Risk and compliance: audit evidence by default

Regulators have caught up to the AI agent surface. For high-risk AI systems, EU AI Act Article 12 requires automatic logging capabilities that support traceability and post-market monitoring over the system's lifetime. Cycles maps that obligation into concrete runtime records: reservations, commits, denials, scope, actor, timestamp, and reason_code — produced as a structural side effect of enforcing the budget, not reconstructed from scattered application logs after an incident. SOC 2 Type II auditors increasingly add agentic systems to scope and ask for evidence of control — not just observation. ISO 42001 builds the same logging obligations into AI management system certification.

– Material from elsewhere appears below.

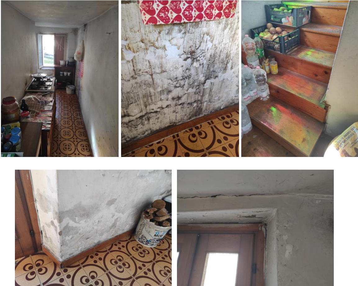
Particolari dell'ingresso comune

La scala comune è in legno (sia alzate che pedate) mentre il pavimento è rivestito con piastrelle (sia al piano terra che nel disimpegno al piano primo); le pareti sono intonacate e tinteggiate, gravemente ammalorate per la presenza di ampie fessurazioni e infiltrazioni con presenza di muffa e sfaldamento superficiale.
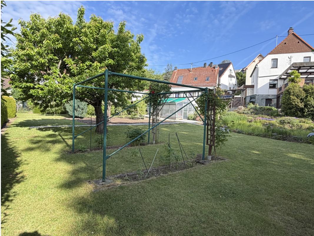
Garten mit Baumbestand

The standard pattern for satisfying these is to bolt on an audit logger after the fact: pick fields, write to a separate store, hope the schema covers what an auditor will ask for. The pattern is fragile because it's secondary — the auditor and the engineer disagree on what's worth logging, and engineering wins by default.

Cycles flips that. The reservation and settlement records are the enforcement layer and the audit substrate; decide() adds a preflight decision record when you use it. Every record carries:

The subject scope, with up to six levels of attribution
The decision and the reason_code (machine-readable rationale)
The idempotency key, when supplied, which supports replay-safe handling on retries
The timestamp and the actor

When an auditor asks "can you show me an action that was attempted but blocked, with reason and authority?" the answer is a query against the ledger. When they ask "how do I know this record was actually produced by Cycles at the time you say?" — if you stored the raw HMAC-SHA256-signed webhook body, the signature, and the X-Cycles-Event-Id in your audit store, you have event-time evidence the record was delivered by Cycles, with a primitive that lets you safely dedupe and replay. The ledger becomes tamper-evident only to the extent your downstream store preserves the signed payload — that piece is on the operator, not the protocol.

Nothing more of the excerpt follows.